Chinese-American physicist

Liuyan Zhao is a Chinese and American experimental condensed matter physicist whose research uses optical spectroscopy and scanning tunneling microscopy to study the electronic and magnetic properties of quantum materials. She is a professor of physics at the University of Michigan.

==Education and career==
Zhao received a bachelor's degree in physics from the University of Science and Technology of China in 2008. Next, she went to Columbia University for graduate study in physics, where she received a master's degree in 2010 and completed her Ph.D. in 2013.

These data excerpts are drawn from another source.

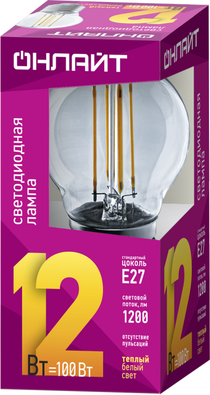 Филаментная лампа ОНЛАЙТ. Форма G45. Мощность 12 Вт. Прозрачная колба. Теплый свет 2700К. Цоколь E27. Поток 1200 лм.
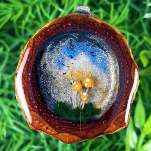 Our handmade pendants are crafted from sustainably wild-gathered Knobcone Pinecones. Every Aura Pinecone is carefully dried, aged, and cross-sectioned before being meticulously designed.
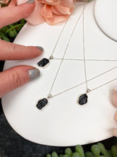 The these black tourmaline pendants are on a sterling silver chain that is adjustable via a small ring in the chain at 16" or the end at 18". You will receive ONE labradorite necklace that is chosen for you.
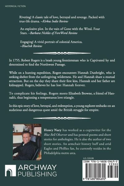 In 1755, Robert Rogers is a brash young frontiersman from New Hampshire's wilderness who is determined to find the Northwest Passage. Captivated by hearsay lore and his daring dream, Rogers wants nothing more than to walk over the horizon and never come back. While on a hunting expedition one day, Rogers encounters a reverend and his daughter, Hannah Dunbright, who are seeking shelter from the unforgiving wilderness. He invites the pair back to his cabin, where he realizes that he and Hannah share a mutual attraction. But on the day they share their first kiss, Hannah and her father are kidnapped by Captain Andre Durantaye, a cunning French-Canadian coureur de bois. Meanwhile Rogers, who believes he has lost Hannah forever, attends a governor's ball, where he meets Elizabeth Browne, a friend of Hannah's; it seems she also has her eyes on the frontiersman. As events unfold, one of the women betrays him and the other seeks revenge--the consequences of the tempestuous love triangle. In this epic story of love, betrayal, and redemption, a young explorer embarks on an audacious and dangerous quest to fulfill his dream amid the British struggle for empire and revocation.
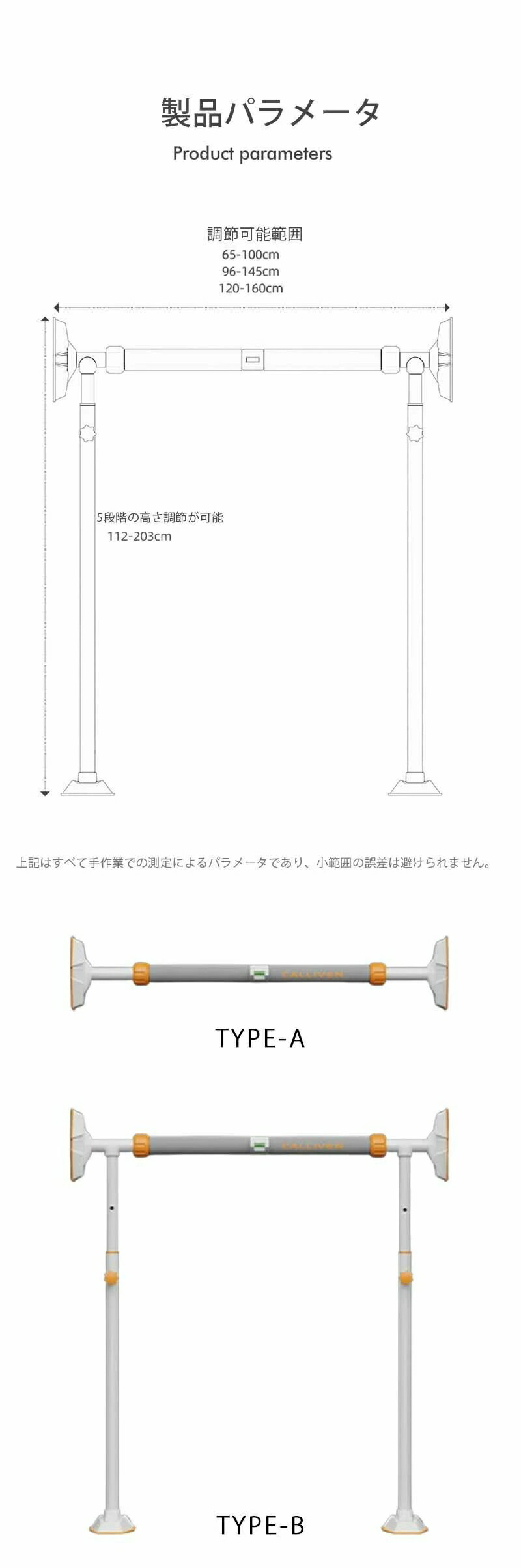 バ チンニング トレーニング器具 筋ト TYPE-A TYPE-B 65-96cm 96-140cm 120-160cm
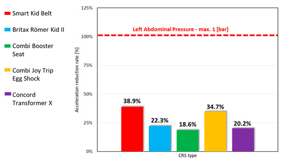 Analyzing the test results, it can be seen that the safety criteria pointed in No. 129 UN/ECE regulation was met for almost all the restraint devices tested (except for abdominal pressure in one of the tested solutions—9.5% over the limit ). However, the analysis of recorded data and individual values of physical quantities showed significant differences between each solution. As an example of where the parameters significantly differ is the Right Abdominal Pressure, in which the differences range between each CRS are 7% (Concord Transformer X – Britax Romer Kid II) even to 70% (Combi Booster Seat – Combi Joy Trip Egg Shock). The number of dynamic loads is influenced by the number of each device design solutions. The different parameter values for each device might be connected with the different initial positions of the dummy, the stiffness characteristics of the element on which the child is placed, and the solution of the seat belt guidance configuration characteristics. The research results clearly show that the issue of the safety of children’s transportation in vehicles requires further research and development to determine the correlation between design features of the restraint system and the registered physical parameters. The conclusion is that sthere is no one perfectly restraining device because of its design—each CRS is built differently, which causes different protection ranges of the sensitive point on the child’s body determined, for example, Smart Kid Belt is marked by the highest results in safety parameters, with HPC—25.5% and Head Resultant Acceleration—61%, but it does not provide as good protection as the other CRSs for the right and left abdominal—57.6% and 38.9% (the worst one of all others). The best protection of the abdominal is provided by Combi Booster Seat—18.6% (left side) which is 81.4% beneath the limit and 33.1% (right side).

She became a Prize Postdoctoral Fellow in physics at the California Institute of Technology from 2013 to 2016. In 2017, she joined the University of Michigan as an assistant professor of physics. She was promoted to associate professor in 2022 and professor in 2026, and has been a QRI Fellow at the Michigan Quantum Research Institute since 2024.

==Research highlights==
During Zhao’s independent research career at the University of Michigan, her group has developed and applied symmetry-sensitive optical techniques to study phase transitions in solids. The group also creates and investigates new material platforms that host novel phases and enable unconventional physical responses. Her research highlights include detection of ferro-rotational (or ferro-axial) order, study of moiré magnetism, investigation of vestigial order in 2D magnets, among others.

==Recognition==
Zhao received the National Science Foundation CAREER Award in 2018, the Air Force Office of Scientific Research Young Inveestigator Award in 2020, a Sloan Research Fellowship in 2021, and the Presidential Early Career Award for Scientists and Engineers in 2025.

She was a 2019 recipient of the Bryan R. Coles Prize of the International Conference on Strongly Correlated Electron Systems, and the 2022 Macronix Prize of the International Organization of Chinese Physicists and Astronomers. The University of Michigan gave her their Henry Russel Award in 2023 and their Elizabeth Caroline Crosby Award in 2025.

Zhao was the recipient of the Mildred Dresselhaus Award 2023 (Junior Prize) of the University of Hamburg, and visited the university as Mildred Dresselhaus Guest Professor. She was named as a Fellow of the American Physical Society (APS) in 2025, after a nomination from the APS Division of Condensed Matter Physics, "for outstanding experimental contributions in detecting multipolar orders with nonlinear optics and designing two-dimensional magnetic multipolar phases with twisted moiré magnets".